It’s Music Monday!
For our fourth installment in the ongoing series we’ve titled “Pop Goes Pest,” we’re looking at 10 more pop artists who have immortalized our favorite subject: bugs! Of course, as before, you can follow/stream our playlists on SPOTIFY!
Are pests a black and white matter? We think so.
In our first Hip Hop contribution to our “Pop Goes Pest” series, Sonic Imperial calls out a guy who is hanging with the wrong crowd. This former friend is “listening to the call of the dung beetle” and Sonic Imperial is trying to bring him back from his bad choices.
“You were the coolest one I knew / most distinguished of the pact
But now you bug with beetles / and invest in something wack”
The Cure for what ails you
From their “greatest hits” album, The Cure offers up a tragic song… masked behind a pleasant title and a soothing background music, The Cure gives a lyrical riddle that can be taken a number of ways: “The Spiderman is having me for dinner tonight…” Plenty of speculation has been made about the meaning beneath the lyrics, but Robert Smith (lead singer of The Cure) has simply stated that it was based on a “childhood nightmare.”
The Smashing Pumpkins get cosmic!
Despite the song containing “butterfly” in the title, the most popular line from this song (which is arguably the most popular of TSP’s hits) is about a different pest: rodents. Bang your head and don your grungiest plaid button-up and ripped jeans as you scream along to “despite all my rage I am still just a rat in a cage.” This song became the anthem for disillusioned teens, adult workers, and an entire generation when it came out. And it still holds up, years later.

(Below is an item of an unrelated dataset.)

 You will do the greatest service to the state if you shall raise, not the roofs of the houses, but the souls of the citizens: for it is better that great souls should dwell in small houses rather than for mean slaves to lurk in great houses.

Sarah caught in a swarm of butterflies
Perhaps known best for her involvement with Broadway (and Andrew Lloyd Weber), Brightman released this song in 1995. Ironically, though, the album has been released in multiple countries… but has never been officially released in the US. It’s an eclectic dance-pop sort of song (typical of the mid 90s) that seeks to fuse industrial/pop with operatic vocals. It can be difficult to decipher the lyrics (in fact, we’re still scratching our heads over it, to be honest), but it definitely makes for a good track to put on when running or exercising.
A black heart for STP’s Army Ants
STP’s single, “Army Ants,” tells the story of someone trying to break out of the norm. Feeling different from the crowd and unhappy with falling in line with everyone else — much like the titular ants. STP rails against falling in line and conforming simply to “complete the plan.”

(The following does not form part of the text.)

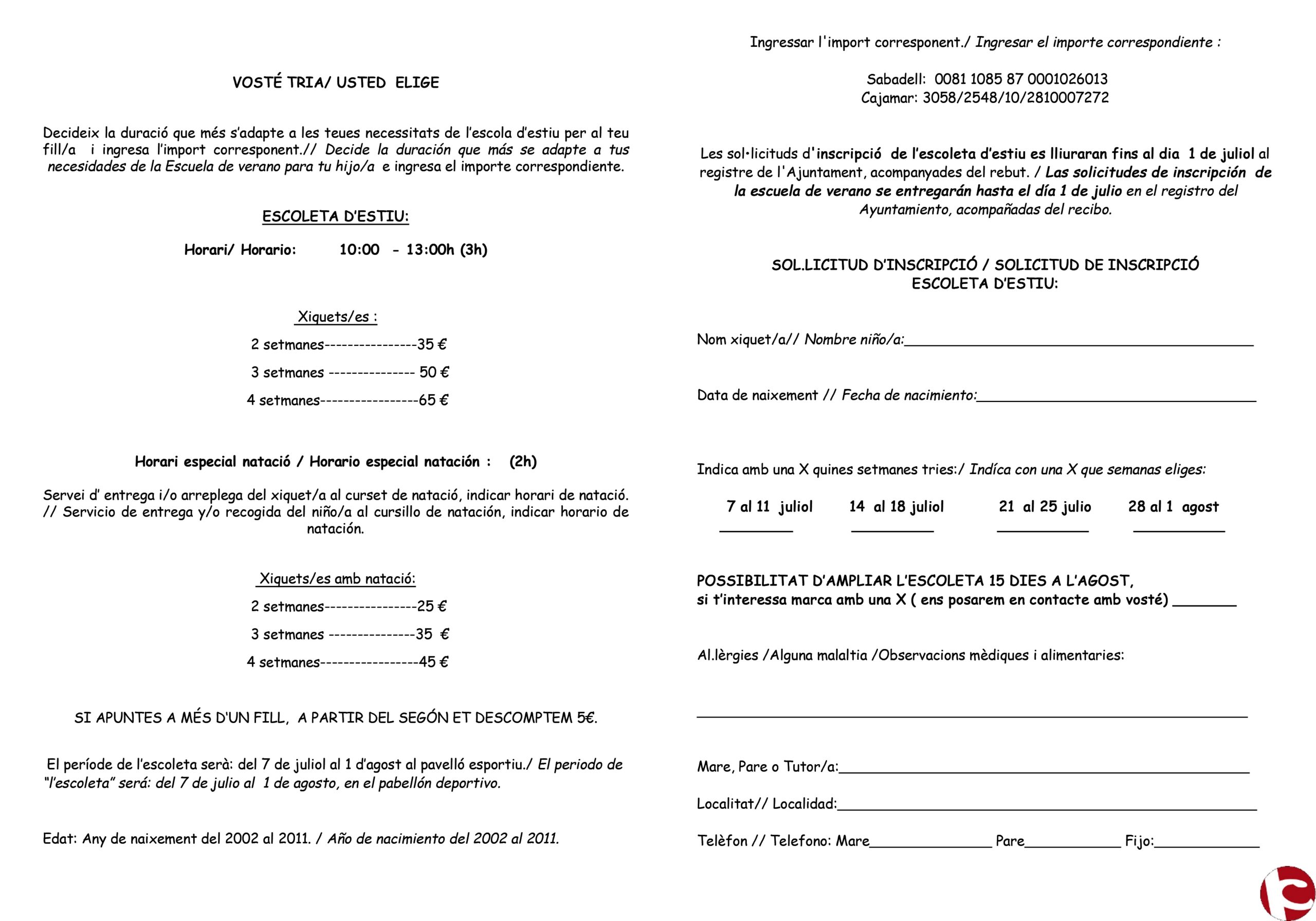 El plazo de inscripción finaliza el próximo día 1 de julio. Las fichas de inscripción se presentarán cumplimentadas, junto con el recibo de pago en el registro del Ayuntamiento en horario de atención al público.

A “best of” album already? How time flies!
Though not as catchy as their cover of Smooth Criminal or as “feel-good” as their other hit single, “Movies,” “Bug Bytes” remains a strong offering. Much like Kafka’s Metamorphosis, AAF becomes something other than human in this single… much to the chagrin of the female in question. It’s a remorseful retrospective, and AAF loses its humanity in stages, owed to an inconsiderate attitude.
“It’s quite a web you’ve spun around her,
And now she’s scared and hanging
It’s quite a web you’ve spun around her…”
Cue the beat
For the Trance fans out there, we have “Pollinator” By Gary Beck. It’s a remix of Miki Litvak’s original, and though lyric-less (ok, maybe we fudged the rules a little on this one), it’s a pretty good track. This piece has steady beat that, much like Brightman’s “The Fly” would fit on any exercise playlist (we’d probably queue it up for a spin class).
The title says it all….
They Might Be Giants are one of the most consistently… odd… bands that we can think of. Their subject matter in most of their songs is off the wall. “Spider” is no exception. It could be speculated that Spider is a roundabout ode to the Amazing Spider-Man, though no definitive evidence exists (though they have done their own version of the theme song in the past). Nevertheless, “Spider” is an odd addition to break up the monotony of your listening routine.

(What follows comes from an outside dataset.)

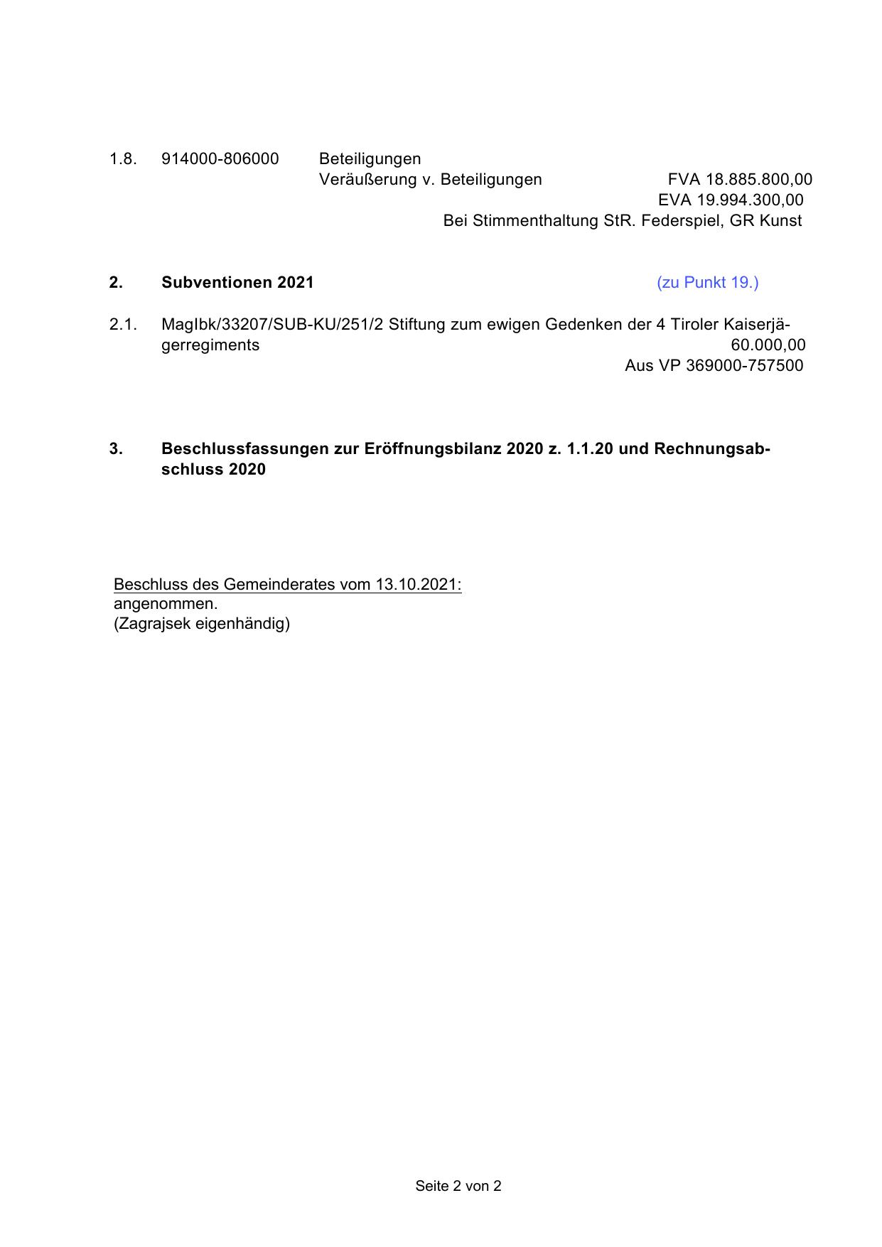 Beschlussfassungen zur Eröffnungsbilanz 2020 z. 1.1.20 und Rechnungsabschluss 2020

U2 is a band known for their hits spanning DECADES. Though “The Fly” didn’t top the pop charts when it was released, it’s a single that fits right in with the rest of the album (Achtung Baby). Killer guitar riffs in the musical interlude and lyrics rife with metaphor (“It’s no secret that a conscience can sometimes be a pest”) provide a pop-rock ballad that would be welcome on practically any playlist.
guess they don’t “Feel Good” in this profile shot…
That odd band that isn’t really a band (the “members” are all cartoons… even in concert), the Gorillaz certainly create the feeling of marching ants working for the empire (especially once the beat changes underneath lyrics “Little memories marching on / Your little feet working the machine.” The song marches on, round and round, just as ants do.
The presidents… as unique as ever…
Though The Presidents of the United States of America are perhaps more well known for their ode to peaches, PUSA puts out another fun song with “Boll Weevil.” It is another perfect example of PUSA’s eclectic style… full of nonsense and fun. This song makes for a good “in the car” jam or a mid-morning pick me up at work… just try not to get too animated as you bop along!
So there you have it, our latest installment of “Pop Goes Pest.” Who do you think we should include in our next episode?